Calculate the expected return (as a percentage) for Company X, which has a beta of 0.9 when the risk-free rate is 4.8% and you expect the equity risk premium to be 9.8%.
Question
Calculate the expected return (as a percentage) for Company X, which has a beta of 0.9 when the risk-free rate is 4.8% and you expect the equity risk premium to be 9.8%.
Solution
The expected return of a stock can be calculated using the Capital Asset Pricing Model (CAPM), which is expressed as:
Expected Return = Risk-free rate + Beta * (Market Return - Risk-free rate)
In this case, the risk-free rate is 4.8%, the beta is 0.9, and the equity risk premium (which is the Market Return - Risk-free rate) is 9.8%.
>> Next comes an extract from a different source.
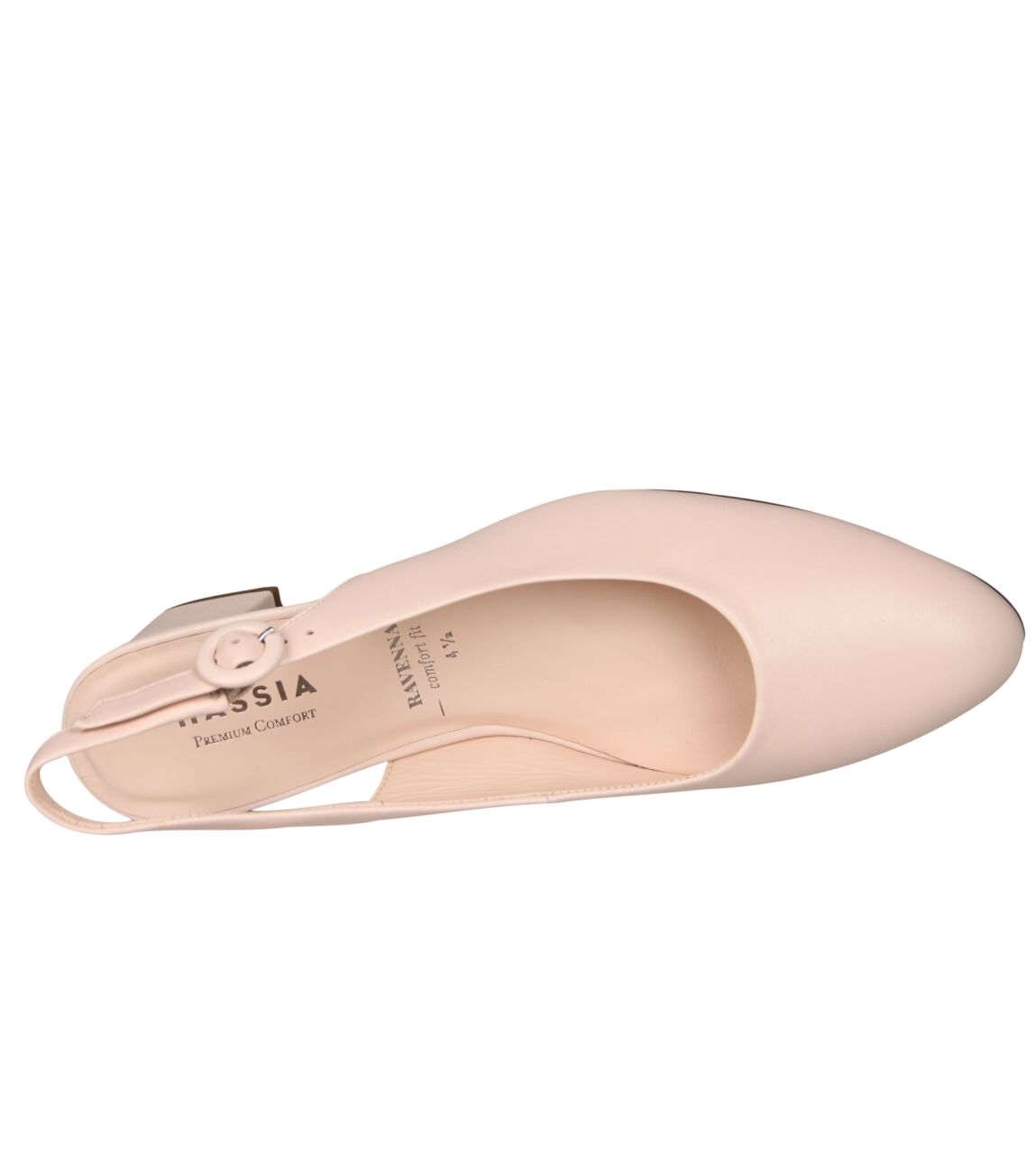 De 304700 Ravenna slingback van Hassia in wijdte H in 1300 sand is gemaakt van leer en geschikt voor bredere voeten.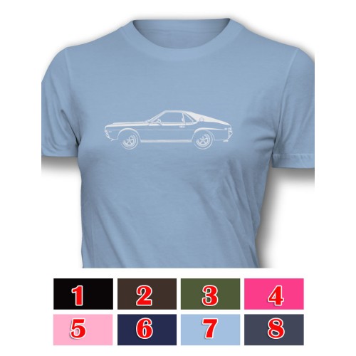 1968-1969 AMX PROFILE WOMEN'S T-SHIRT WITH IMAGE PRINTED ON 4.5 OZ, 100% PRE-SHRUNK COTTON.

Step 1: Convert the percentages to decimals. 4.8% becomes 0.048, and 9.8% becomes 0.098.
Step 2: Substitute the values into the CAPM formula:
Expected Return = 0.048 + 0.9 * 0.098
Step 3: Calculate the value:
Expected Return = 0.048 + 0.0882 = 0.1362
Step 4: Convert the decimal back to a percentage:
Expected Return = 0.1362 * 100 = 13.62%
So, the expected return for Company X is 13.62%.